After running through some background on the move to multiple cores in a chip and some of the main architectural features of Magny Cours, the paper presents some performance results. Here are the machines SI used
Magny-Cours and Istanbul are installed in units supplied by AMD. Nehalem is installed in a Scalable Informatics JackRabbit high performance, tightly coupled processing and storage unit built for this specific test. CX1-* are Scalable Informatics Pegasus high performance deskside computing units that are used for testing and benchmarking purposes. Units ran 64-bit Linux , with kernels 2.6.27 for Istanbul and Nehalem, 2.6.32.7 for Magny-Cours, and 2.6.32.8 for CX1-1 and CX1-2. Istanbul and Nehalem used the SuSE Linux Enterprise 11 distribution, while the remaining machines used Centos v5.4. SMT was enabled on Nehalem, CX1-1, and CX1-2
Unlike many marketing-produced “studies” I read, this one has full details on what versions of the code were run and how they were run — good for them. You’ll want to understand those details to put the results in context, but here is a taste
At 8 processor cores, the Nehalem architecture leads in performance, though the clock speed- comparable systems, Nehalem and Istanbul, have a very similar performance. Again, if we had all the systems operating at a similar clock speed, these performance differences would appear to be significantly less. The Intel chips generally clocked faster than the AMD chips, and thus hold an instruction graduation rate advantage.

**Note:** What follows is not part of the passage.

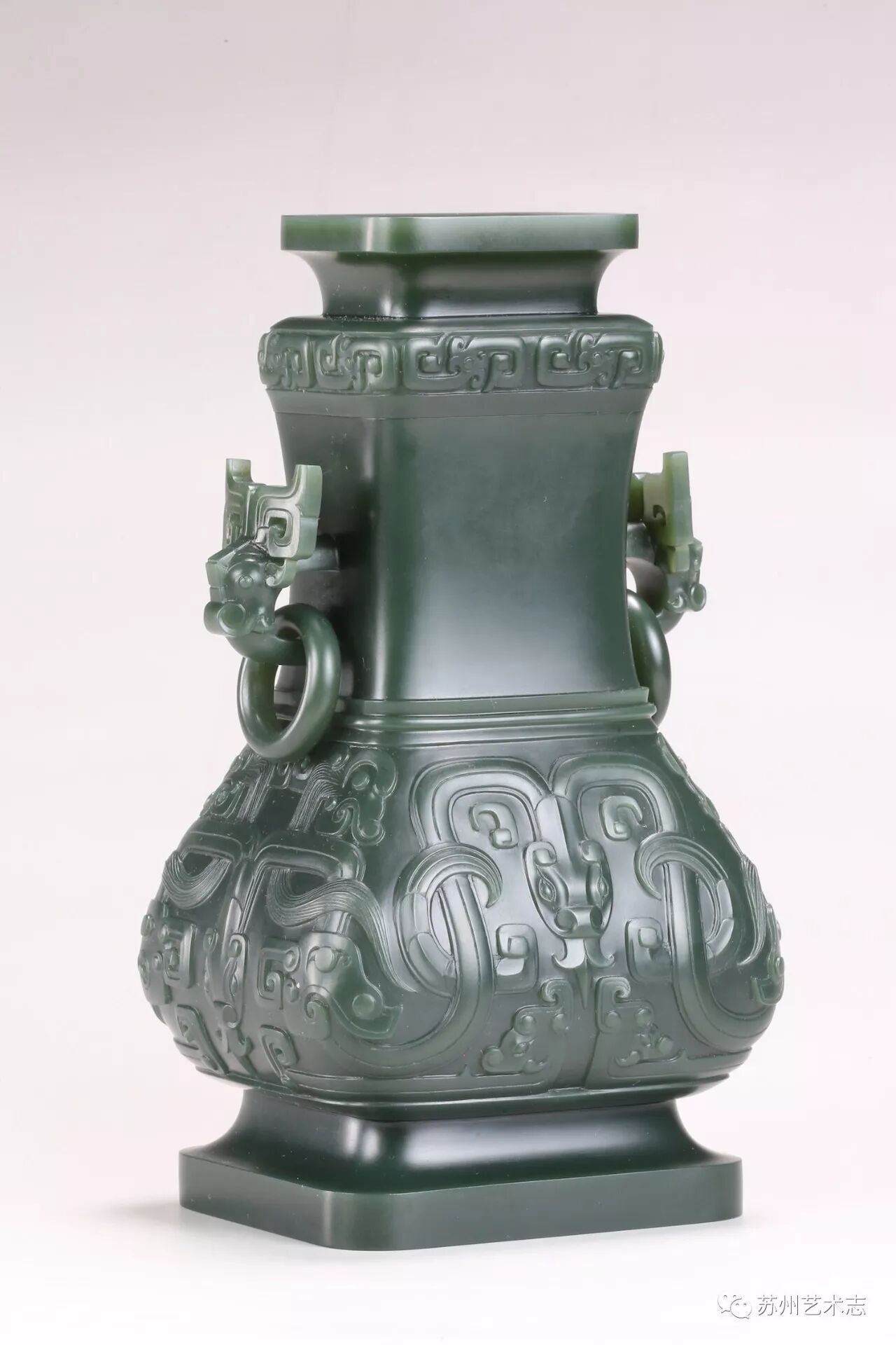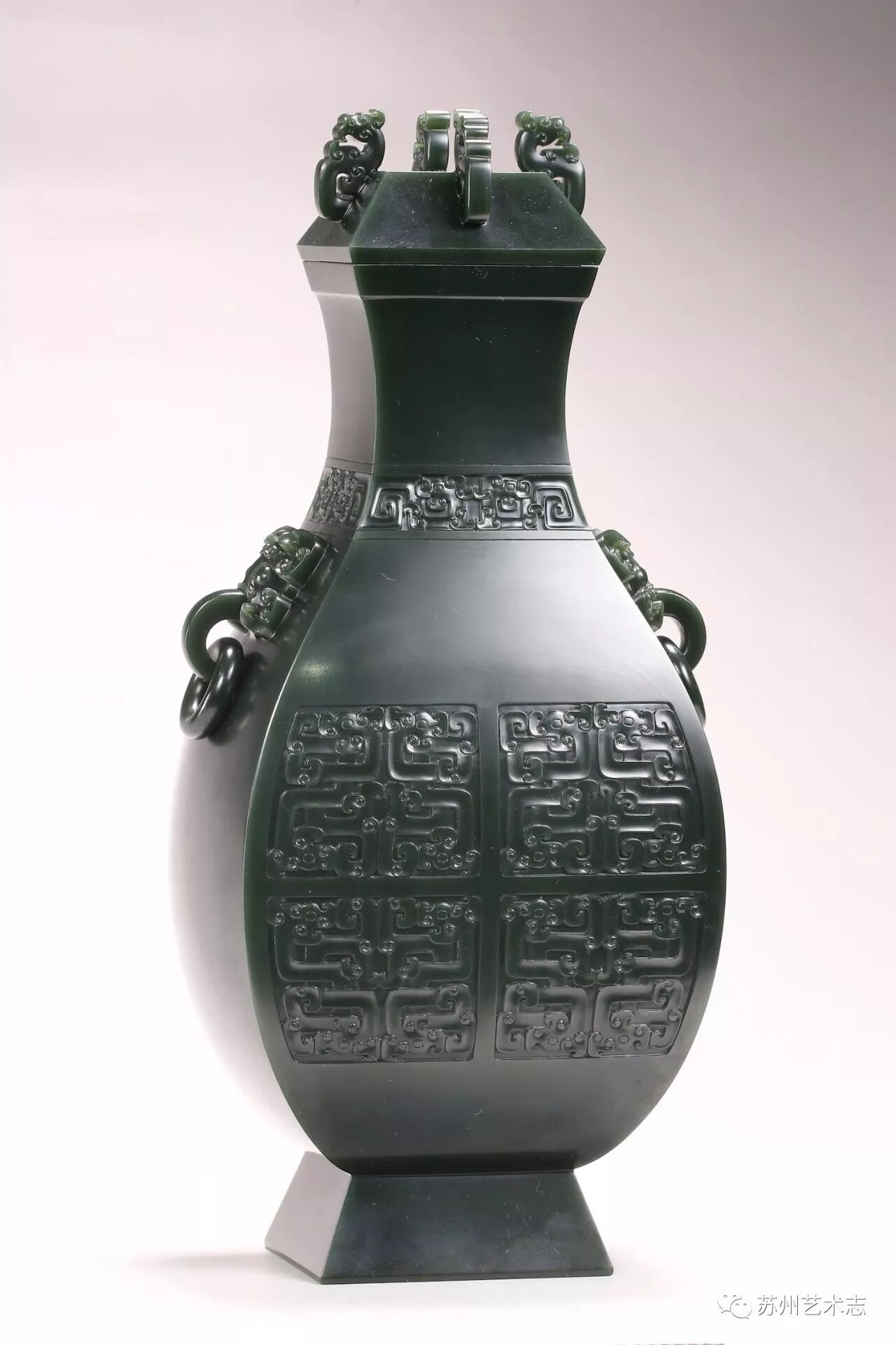 朱玉峰 朱玉林 青海青玉《交纹龙方壶》

…Magny-Cours at 8 processor cores are not as fast as Istanbul at 8 processor cores. As we saw previously, this is apparently due entirely to the clock speed ratio. When renormalized to a similar clock speed, the performance difference is within estimated error bars.
Joe’s team also looked at the usefulness of Intel’s SMT versus actual physical cores, and found that while running 16 SMT cores on 8 physical cores in the Nehalem does improve performance, the improvement per core is not as great as that experienced when physical cores are used. They also observed that Magny Cours performance comes at roughly 1/3 the power usage per core when compared to the Nehalem.
I recommend you work your way through the paper; it’s relative short, but a good read.